Directions: Exactly as they appear, retype the lines from the one containing "However, in January" through the final line of the data below. Leave pictures out.

________________________

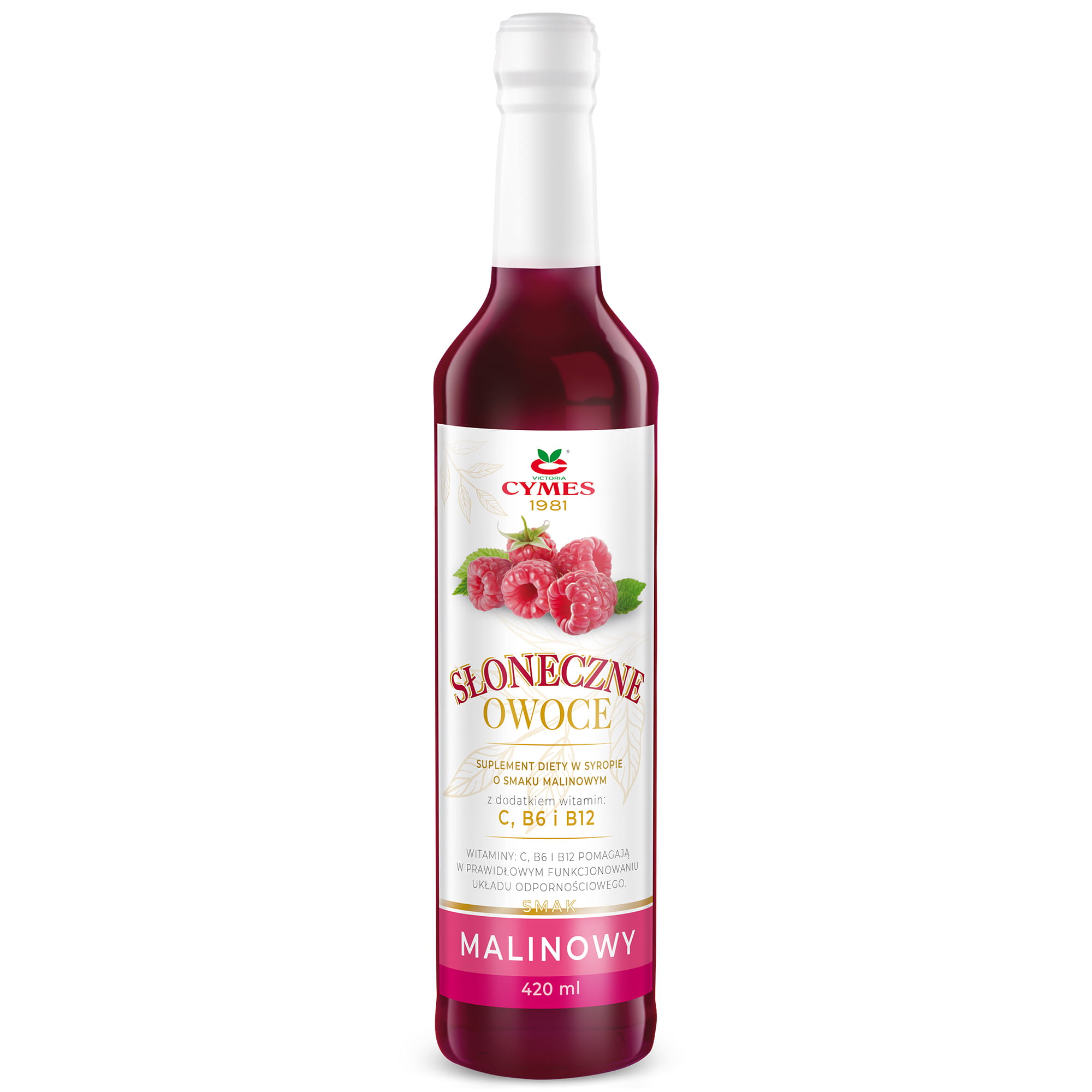 Suplement diety w syropie o smaku malinowym z dodatkiem witamin: C, B6, B12
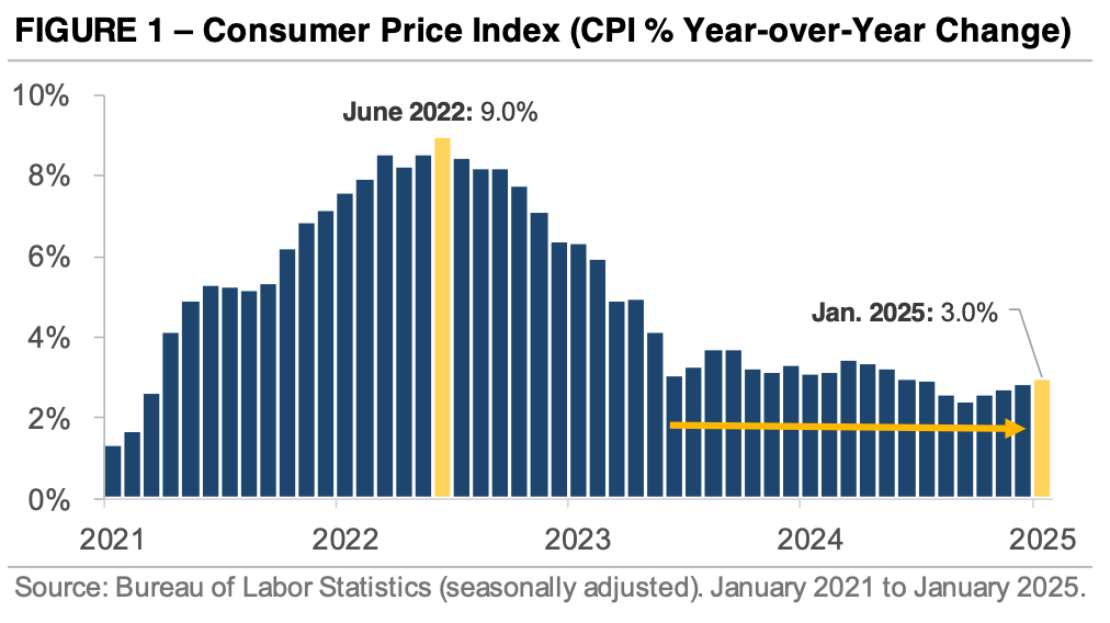 However, in January 2025, inflation picked up again. CPI rose 0.5% from the previous month, marking the largest increase since August 2023. As a result, the annual inflation rate inched up to 3.0%, slightly above December's 2.9%.
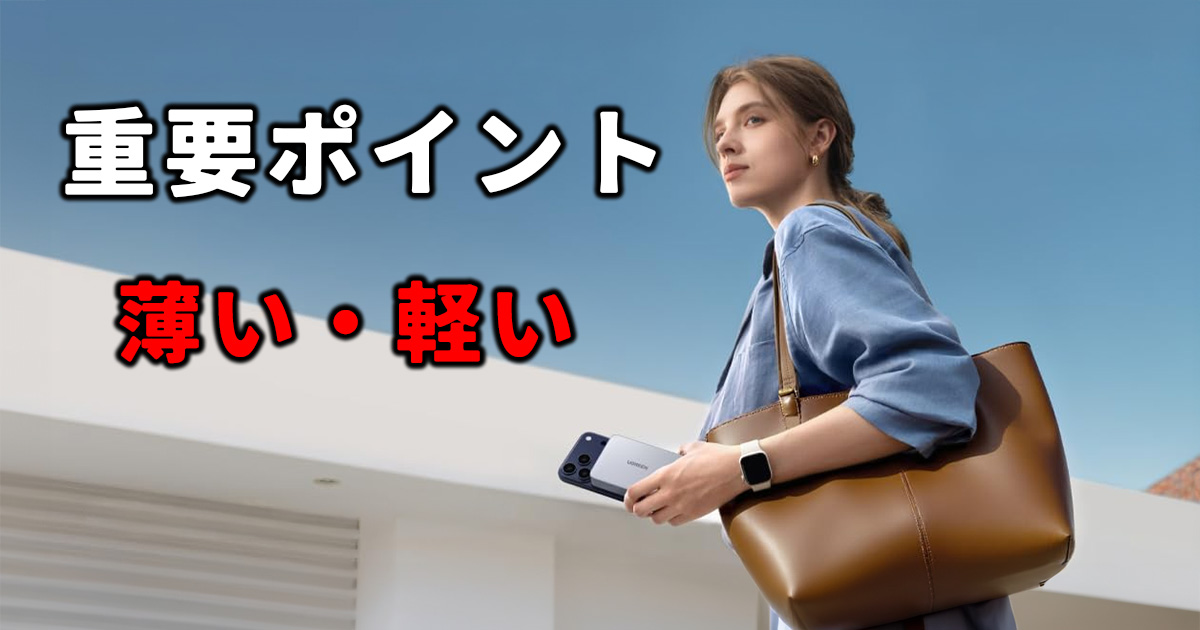 外出や旅行でiPhone17 Proを多用するユーザーにとって、モバイルバッテリーの「薄さ・軽さ」は満足度を大きく左右します。厚みのあるモデルは持ちながらの操作がしにくく、ポケットやバッグでかさばる一方、薄型・軽量モデルなら装着したまま快適に操作でき、荷物のストレスも激減します。
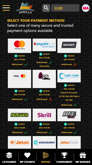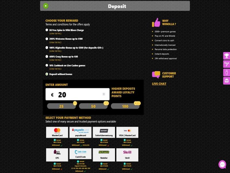 至於付款方式,Winolla Casino 為玩家提供使用知名選項進行存款的機會,例如 Visa、MasterCard、Paysafecard、Neteller、Trustly、Astropay 和Skrill等。
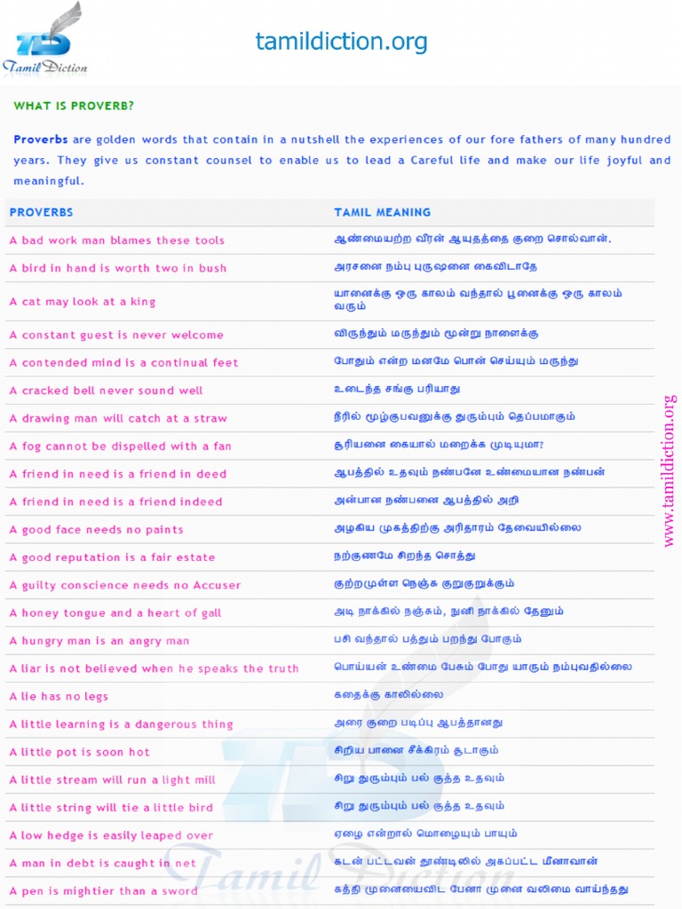 Tamil Proverbs With Their English Translation Proverbs English Translation Translation - * because tamil proverbs are the short form of popular sayings, usually of unknown and an ancient origin.
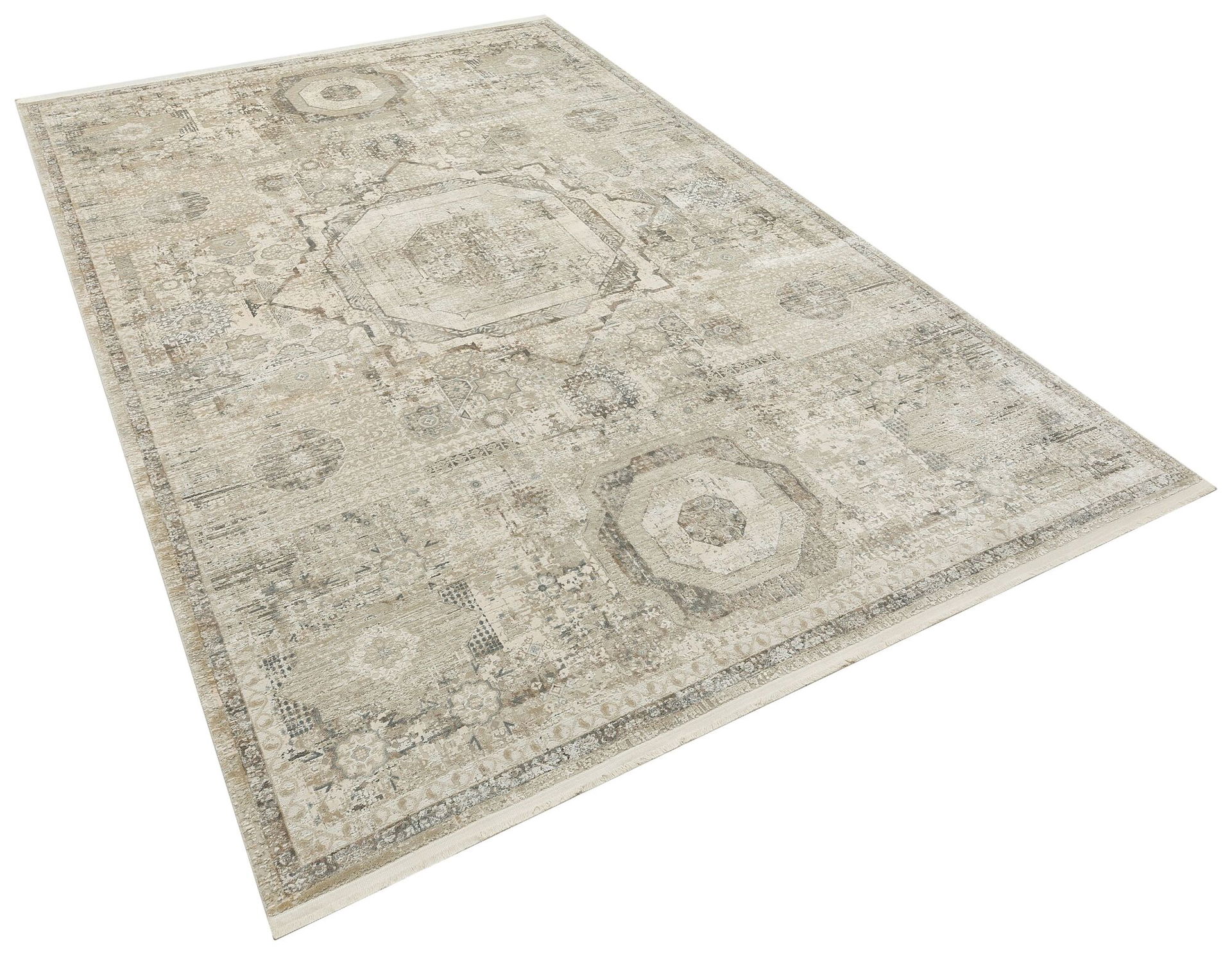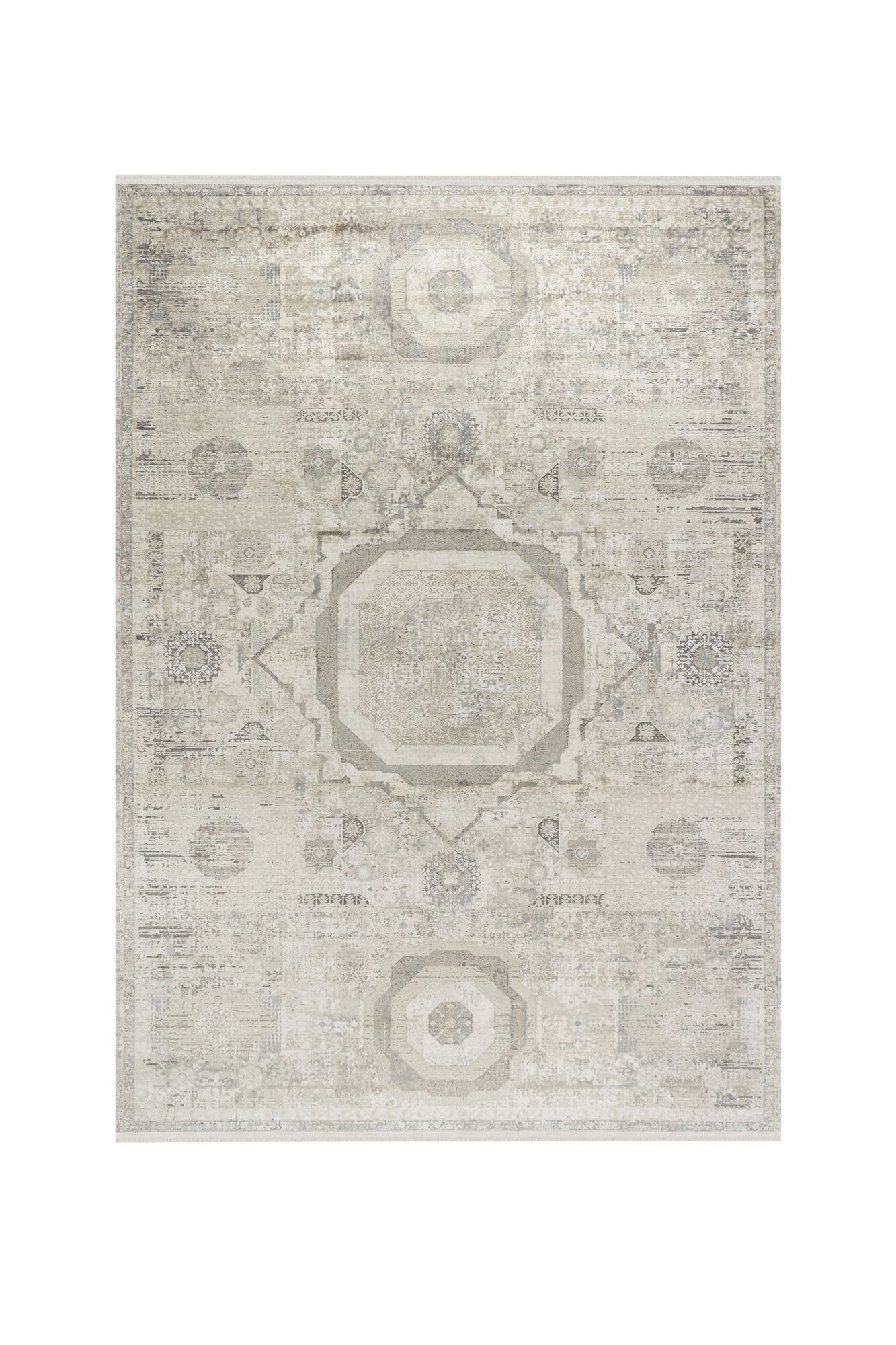 Bohem Etnik Desenli Bej İskandinav Makine Halısı Bukle Bh 04

________________________

Answer space:
 However, in January 2025, inflation picked up again. CPI rose 0.5% from the previous month, marking the largest increase since August 2023. As a result, the annual inflation rate inched up to 3.0%, slightly above December's 2.9%.
 外出や旅行でiPhone17 Proを多用するユーザーにとって、モバイルバッテリーの「薄さ・軽さ」は満足度を大きく左右します。厚みのあるモデルは持ちながらの操作がしにくく、ポケットやバッグでかさばる一方、薄型・軽量モデルなら装着したまま快適に操作でき、荷物のストレスも激減します。
 至於付款方式,Winolla Casino 為玩家提供使用知名選項進行存款的機會,例如 Visa、MasterCard、Paysafecard、Neteller、Trustly、Astropay 和Skrill等。
 Tamil Proverbs With Their English Translation Proverbs English Translation Translation - * because tamil proverbs are the short form of popular sayings, usually of unknown and an ancient origin.
 Bohem Etnik Desenli Bej İskandinav Makine Halısı Bukle Bh 04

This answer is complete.